The Tollund Man lived during the late 5th century BC and/or early 4th century BC, about 2,400 years ago. He was buried in a peat bog on the Jutland Peninsula in Denmark, a find known as a bog body. He is remarkable for the fact that his body was so well preserved that he seemed to have died only recently.
On May 6, 1950, the Højgård brothers from the small village of Tollund were cutting peat for their tile stove and kitchen range in the Bjældskovdal peat bog, 10 km west of Silkeborg, Denmark. As the two brothers worked, they suddenly saw in the peat layer a face so fresh that they could only suppose that they had stumbled on a recent murder.
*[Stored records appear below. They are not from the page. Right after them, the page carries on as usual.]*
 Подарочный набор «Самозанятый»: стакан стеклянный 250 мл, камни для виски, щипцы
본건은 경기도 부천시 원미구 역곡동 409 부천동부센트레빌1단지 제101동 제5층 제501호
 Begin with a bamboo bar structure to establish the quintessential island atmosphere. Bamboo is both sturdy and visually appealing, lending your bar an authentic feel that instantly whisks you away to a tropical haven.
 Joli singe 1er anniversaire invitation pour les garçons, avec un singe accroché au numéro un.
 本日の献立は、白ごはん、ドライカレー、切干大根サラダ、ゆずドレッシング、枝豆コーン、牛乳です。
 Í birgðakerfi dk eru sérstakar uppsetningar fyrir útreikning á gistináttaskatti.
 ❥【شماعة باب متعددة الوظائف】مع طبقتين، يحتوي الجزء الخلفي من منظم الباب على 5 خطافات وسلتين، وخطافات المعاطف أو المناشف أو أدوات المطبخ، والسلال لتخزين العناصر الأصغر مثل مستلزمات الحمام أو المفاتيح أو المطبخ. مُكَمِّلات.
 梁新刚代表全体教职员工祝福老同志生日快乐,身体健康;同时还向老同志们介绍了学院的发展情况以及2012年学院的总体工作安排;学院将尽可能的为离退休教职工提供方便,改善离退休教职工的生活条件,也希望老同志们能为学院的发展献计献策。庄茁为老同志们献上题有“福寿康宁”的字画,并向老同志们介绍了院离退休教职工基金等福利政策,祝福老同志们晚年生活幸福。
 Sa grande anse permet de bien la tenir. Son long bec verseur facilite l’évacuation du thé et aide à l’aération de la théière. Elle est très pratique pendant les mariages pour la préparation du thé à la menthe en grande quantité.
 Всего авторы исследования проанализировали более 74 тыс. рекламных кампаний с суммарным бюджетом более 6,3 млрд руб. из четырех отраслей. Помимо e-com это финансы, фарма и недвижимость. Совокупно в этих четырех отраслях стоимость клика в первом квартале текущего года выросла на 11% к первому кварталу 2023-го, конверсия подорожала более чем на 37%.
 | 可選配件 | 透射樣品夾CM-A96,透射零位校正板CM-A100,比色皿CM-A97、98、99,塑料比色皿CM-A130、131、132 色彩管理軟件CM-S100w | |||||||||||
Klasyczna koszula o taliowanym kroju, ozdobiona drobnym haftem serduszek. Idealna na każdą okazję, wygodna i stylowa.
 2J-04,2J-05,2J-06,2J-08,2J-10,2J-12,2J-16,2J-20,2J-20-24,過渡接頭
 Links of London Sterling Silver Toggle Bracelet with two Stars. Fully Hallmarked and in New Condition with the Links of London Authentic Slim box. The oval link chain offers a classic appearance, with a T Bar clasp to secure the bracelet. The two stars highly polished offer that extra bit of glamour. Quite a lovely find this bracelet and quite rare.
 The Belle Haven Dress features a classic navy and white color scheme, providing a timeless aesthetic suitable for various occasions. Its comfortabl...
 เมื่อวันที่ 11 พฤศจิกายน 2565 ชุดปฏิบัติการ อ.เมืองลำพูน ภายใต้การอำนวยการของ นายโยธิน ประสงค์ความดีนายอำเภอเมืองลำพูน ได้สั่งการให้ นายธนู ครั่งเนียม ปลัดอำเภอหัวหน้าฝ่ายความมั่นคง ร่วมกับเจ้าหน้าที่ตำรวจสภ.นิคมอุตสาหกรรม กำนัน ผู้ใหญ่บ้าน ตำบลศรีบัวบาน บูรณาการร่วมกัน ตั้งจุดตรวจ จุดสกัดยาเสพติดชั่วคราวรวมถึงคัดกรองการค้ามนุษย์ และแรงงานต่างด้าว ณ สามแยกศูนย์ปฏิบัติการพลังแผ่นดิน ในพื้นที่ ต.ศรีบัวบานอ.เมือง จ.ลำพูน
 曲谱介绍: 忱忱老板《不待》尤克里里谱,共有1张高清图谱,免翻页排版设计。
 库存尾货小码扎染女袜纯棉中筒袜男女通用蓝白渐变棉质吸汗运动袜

They immediately notified the police at Silkeborg.
Tollund Man lay 50 meters away from firm ground, his body arranged in a fetal position, and had been buried under about two meters of peat. He wore a pointed skin cap on his head fastened securely under his chin by a hide thong. There was a smooth hide belt around his waist. Otherwise, he was naked. His hair was cropped so short as to be almost entirely hidden by his cap. He was almost clean-shaven, but there was very short stubble on his chin and upper lip, suggesting that he had not shaved on the day of his death. There was a rope made of two leather thongs twisted together under a small lump of peat beside his head. It was drawn tight around his neck and throat and then coiled like a snake over his shoulder and down his back.
Underneath the body was a thin layer of moss. Scientists know that this moss was formed in Danish peat bogs in the early Iron Age about the time when Jesus was born. Therefore, the body was suspected to have been placed in the bog approximately 2,000 years ago during the early Iron Age. Subsequent C14 radiocarbon dating of Tollund Man's hair indicated that he died in approximately 350 BC. The acid in the peat, along with the lack of oxygen underneath the surface, had preserved the soft tissues of his body.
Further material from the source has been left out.